It was to develop smoothed height and weight percentiles for boys and girls with IDs between 7 and 17 years old.

Methods

The sample consisted of 1,047 young people (645 boys and 402 girls; 7–17 years old) with ID. A total of 4,059 measurements (height: n = 2,041; weight: n = 2,018) were retrospectively obtained from the period between 2013 and 2018. Smoothed height and weight percentiles were developed using the LMS method. Local and global diagnosis of percentiles were evaluated with Q statistics and detrended Q-Q plots.

Results

Percentiles (5, 10, 25, 50, 75, 90, and 95) for height-to-age and weight-to-age were developed with satisfactory modeling in boys and girls between 7 and 17 years old. Boys showed a linear trend in height up to 11 or 12 years old, an increment from 13 to 15 years old and a deceleration from 15 or 16 years old. For the girls, height was linear between the ages of 7 and 11, followed by a deceleration from the age of 12 and without substantial changes from the ages of 15 to 17. Regarding weight, girls showed a linear trend of weight gain until the age of 13 and deceleration at the age of 14 or 15. Boys, however, showed a linear tendency to gain weight from 7 to 17 years old.

Conclusion

The height and weight percentiles developed in this study can help monitor the growth of young people with ID.

Keywords:

Body weight

Body height

Growth and development

Growth disorders

Children with disabilities

Full Text

Introduction

Intellectual Disability (ID) is a condition characterized by limitations in cognitive functioning and adaptive behavior, manifesting before the age of 22, bringing several losses to the individual's full participation in society.1 ID occurs in around 1 to 3 % of the population, with a higher occurrence in young males, in low-income countries.2 According to data from the 2010 Demographic Census, there are at least 2.6 million (1.4 %) people with ID in Brazil.3 More recent data indicate that the occurrence of children with ID is equivalent to 0.85 %.4

Studies indicate a greater risk for physical and mental disorders, premature mortality and potentially preventable deaths among individuals with ID.5-7 In the population of children with ID, evidence suggests a greater risk for growth disorders and overweight.8 More specifically, studies suggest that young people with ID have smaller height and greater weight compared to young people without ID.9,10 However, there is a lack of data regarding growth patterns in the population of children with ID.

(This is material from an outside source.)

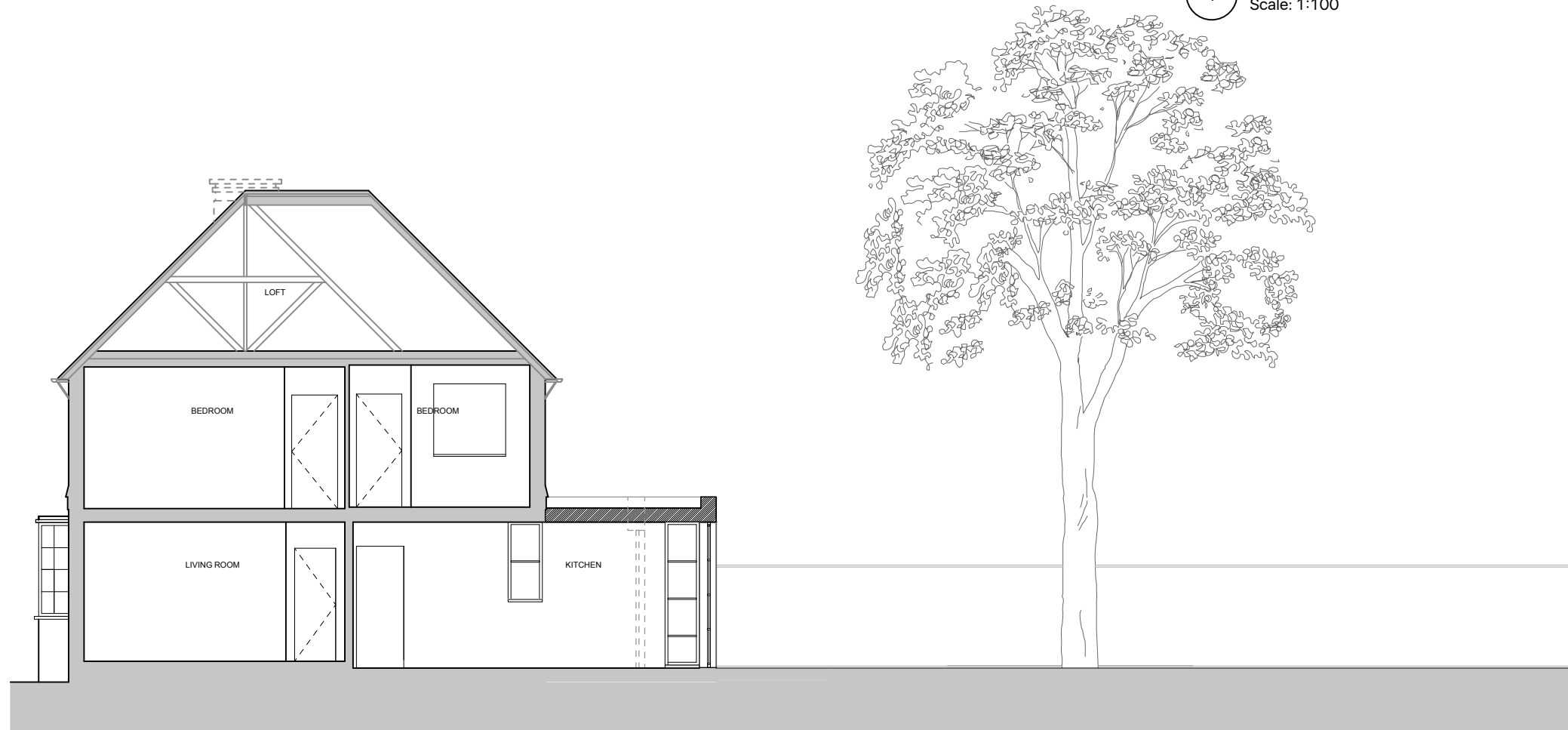
2 GA_Proposed Section AA Scale: 1:100

The absence of specific reference values has resulted in the development of national references for growth in the population with ID. However, the charts were developed for children with ID associated with genetic conditions, such as Down,11 Willians,12,13 Rett,14 Rubinstein-Taybi,15 Prader-Willi16 syndromes, among others.

Genetic conditions are associated with lower height and weight compared to the general population of young people with ID,10 which may result in overestimated growth values for young people with ID without associated genetic conditions. The development of height and weight percentiles should help in the construction of specific growth trajectories in the population with ID in order to guide public policies to prevent growth disorders in young people with ID.

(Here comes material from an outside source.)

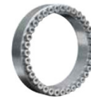
RfN 7012 stainless steel
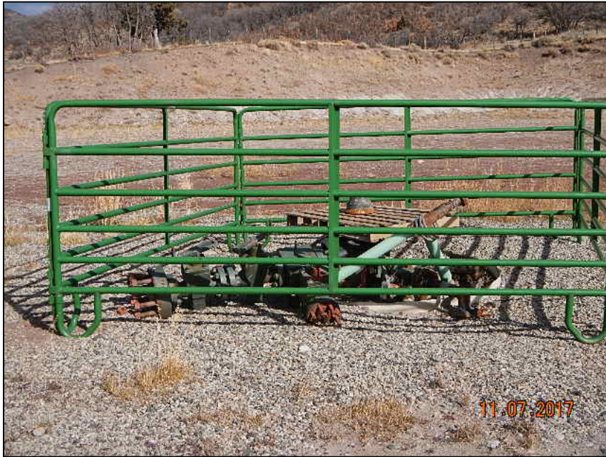
Photo 1. Wellhead.

Growth is a fundamental indicator of health and social development.17 To this end, growth charts have been developed and used to monitor height and weight in children.18-20 The charts are essential components for evaluating the general health status of the population. However, reference values used for children in the general population may be inadequate for monitoring the growth of young people with ID.21

The aim of the present study was to develop smoothed height-to-age and weight-to-age percentiles for Brazilian children and adolescents with ID, aged between 7 and 17 years.

MethodsSample

It contains individuals with ID of both sexes, aged between 7 and 17 years, from 45 cities in the State of Sao Paulo, Brazil. Young people with recognized genetic conditions, cerebral palsy, or severe physical disabilities were excluded from the study. The study was approved by the Research Ethics Committee (assessment n° 3.419.135) for the use of clinical records.

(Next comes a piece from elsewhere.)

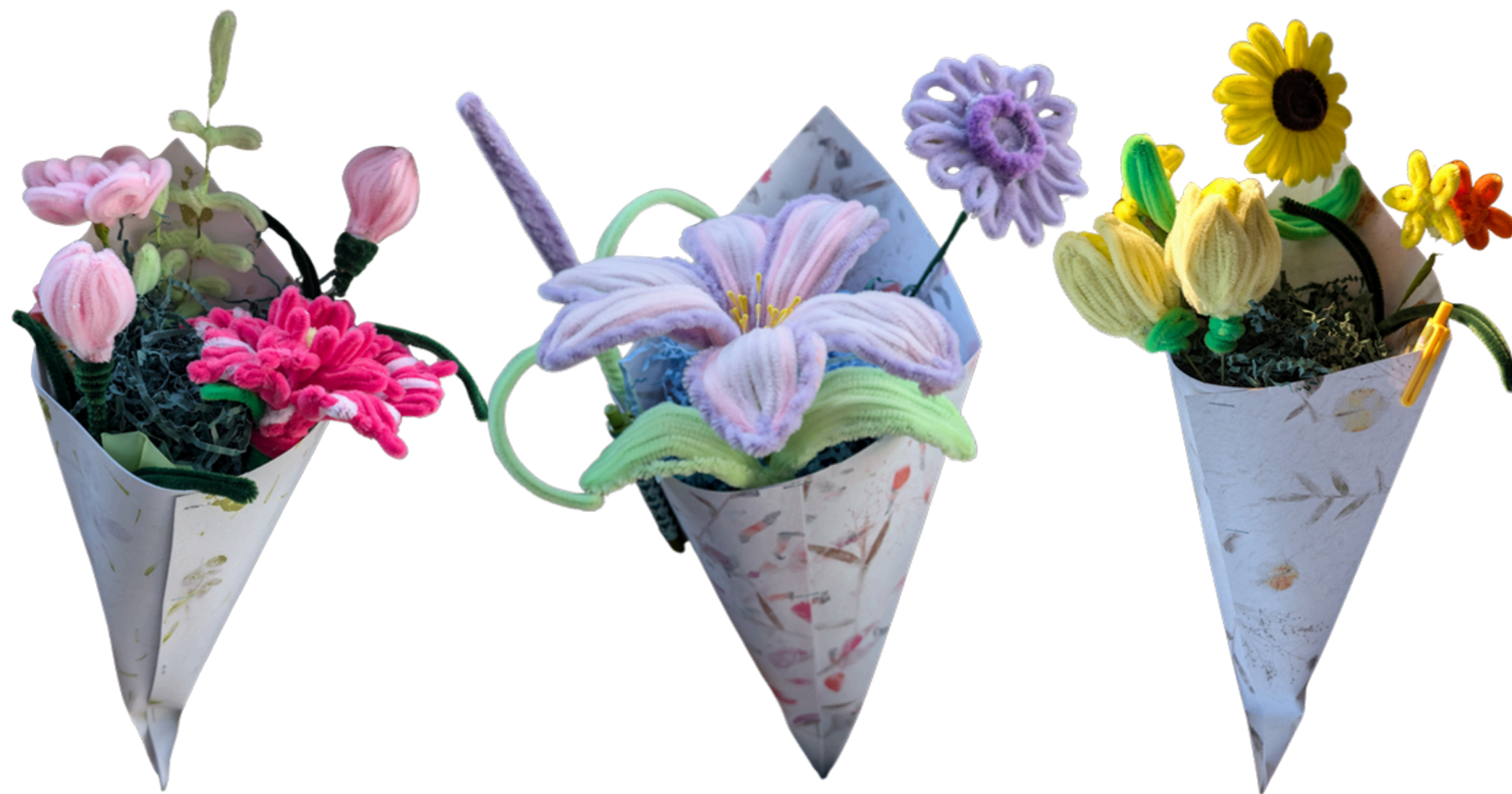
Made May Day flower baskets for some friends and family - Sydney

APAE health database – FEAPAES

Demographic data, height and weight were obtained from the APAE Health program – Federation of APAES of the State of Sao Paulo (FEAPAES-SP). FEAPAES is a non-profit organization dedicated to the promotion, dissemination and development of educational and health projects at specialized centers (APAES) for people with ID. The APAE Health program is a FEAPAES initiative and aims to obtain reliable and comparable data on nutritional conditions and cardiovascular profiles of samples from individuals with ID. FEAPAES coordinated data collection from APAES from the period between 2013 and 2018. First, in 2013, a pilot collection was carried out in two APAES, where a questionnaire was filled out, containing the following information: date of birth, age and sex. Next, APAES measured the height and weight of children and adolescents with ID. After the pilot study, all evaluators underwent training sessions, with professionals linked to APAES (Physical Education teachers, Nutritionists, Nurses, Physiotherapists). Data collection was carried out in 45 APAES. Height and weight data were obtained following standardized measurement protocols from APAE Health – FEAPAES. Height and weight were obtained using stadiometers and scales with precision of 0.1 cm and 0.1 kg, respectively. Measurements were taken with participants standing, wearing light clothing and without shoes.

Statistical analysis

The data was subjected to the cleaning process. Height and weight data were excluded under the following conditions: 1) height and weight data with duplicate ages (height: n = 332; weight: n = 315) and, 2) loss of height in the longitudinal sample (n = 61).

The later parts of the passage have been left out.